Salah satunya asal Korea, mengaku saat itu serius terkait pengolahan sampah untuk dijadikan energi alternatif listrik.

“Saya sudah ke Korea sekali, hampir dua kali, namun masalah kebijakan dan perizinan dan segala macamnya, harus disetujui. Setelah kami menghadap ke pemerintahan dinegosiasi, sudah hampir klir. Tetapi masalah angka dividen menghambat. Lahan yang akan dijadikan tempat industri sebagai modal Kota Tarakan,” beber Tigor.

Baik tenaga kerja yang berasal dari daerah akan dilatih di Korea untuk mendapatkan bekal teknis. “Setelah pembangunan proyek itu selesai maka orang daerah yang akan membangun industri tersebut di Tarakan. Selain kebersihan kota terjamin, listrik dapat, keuntungan lain juga kita dapat. Namun kendalanya adalah waktu apraisal lokasi tidak ditentukan berapa nilainya sehingga tidak dapat menghitung berapa formulasi keuntungan kita. Akhirnya lambat, malah pembangunan dialihkan investornya ke Jawa Barat,” lanjutnya.

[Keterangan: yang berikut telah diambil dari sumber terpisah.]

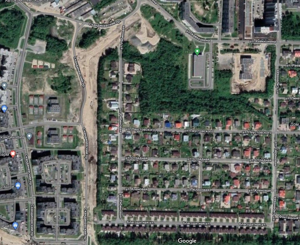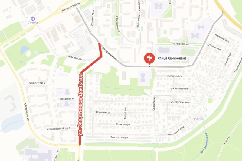 Отметим, что новая улица появилась не на пустом месте. Ранее это была часть Скандинавского проезда. Вторая – параллельная часть этого проезда – сохранила свое название, а вот эта была переименована в улицу Защитников Донбасса. На Google-картах указано прежнее название, а вот Яндекс-карты уже показывают новое.
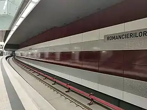 Romancierilor is a station on line M5 of Bucharest Metro. The adjacent stations are Parc Drumul Taberei (towards Eroilor), Valea Ialomiței, and Constantin Brâncuși (towards Râul Doamnei). The station was opened on 15 September 2020 as part of the inaugural section of M5, from Eroilor to Valea Ialomiței and Râul Doamnei.[1]
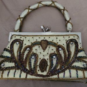 2. This is a gold and beaded purse with rhinestone clasp It has a detachable handle so it can be used as a small clutch. Has one small pocket inside and measures 8" x 4 1/2" x 2"
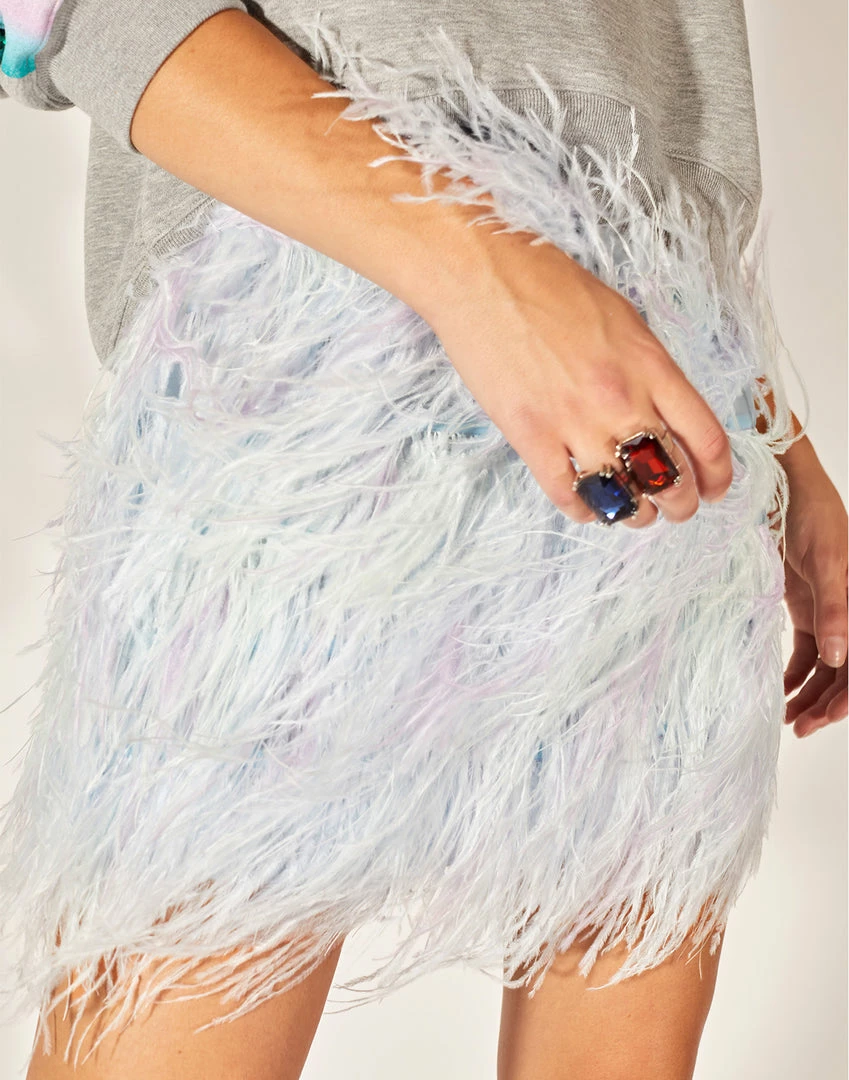 Ostrich feather mini skirt.

Lain lagi investor yang menawarkan pengolahan air laut menjadi air tawar. “Ada banyak yang menawarkan mengolah air laut menjadi air tawar karena air laut tidak mudah habis, ada juga pengelolaan sumur tua, hingga ke gas flare atau gas buang. Hingga penyediaan tenaga listrik dari tenaga surya dari Tiongkok. Tidak lanjut. Tapi dulu kami berupaya menggali potensi itu. Mereka sempat ke sini,” kisahnya.

Menurut Tigor pemerintah perlu memudahkan investor sebagai salah satu bentuk pengembangan daerah. “Yang terpenting transparansi, yang mempermudah segala perizinan sehingga para investor ini tertarik untuk berinvestasi.

Investor membatalkan investasinya sudah bukan rahasia lagi. Khususnya yang bergerak di industri. Sebaliknya investasi yang paling banyak dilirik di antaranya sektor perdagangan, jasa dan perikanan.

Kepala Dinas Penanaman Modal dan Pelayanan Terpadu Satu Pintu (DPMPTSP) Tarakan Ardiansyah mengatakan, perekonomian Tarakan bergerak di sektor perdagangan dan jasa. Investor yang berinvestasi kebanyakan pengusaha lokal.

Pada 2018 lalu, ada ketertarikan investor pembuatan makanan ayam dan peternakan ayam. Namun karena pertimbangan beberapa hal, lantas batal.

2017, adapula perusahaan besar yang ingin membangun pembangkit tenaga listrik surya (PLTS). Lagi-lagi calon investor membatalkan niatnya. “Padahal izinnya sudah diproses, tapi karena harganya tidak sepakat dengan PLN, akhirnya dibatalkan. Sebenarnya banyak yang masuk (berinvestasi), tapi dibatalkan,” kata Ardiansyah, Jumat (26/7).

Lantas apa yang menyebabkan investor mundur? Menurut pengamatan Ardiansyah, selain persoalan harga yang tidak disepakati, adapula permasalahan lahan yang bersengketa. Beberapa tahun lalu, terdapat perusahaan dari luar kota yang ingin membangun pabrik kertas di daerah Sungai Bengawan, Kelurahan Juata Permai.

“Padahal perusahaan siap membayar lahan seluas 40 hektare. Tapi tidak jadi karena lahannya diklaim. Jadi masalah harga dan lahan yang tidak punya kepastian, akhirnya tidak jadi. Ini ada lagi pembangkit listrik tenaga sampah (PLTSa) itu sudah masuk,” katanya.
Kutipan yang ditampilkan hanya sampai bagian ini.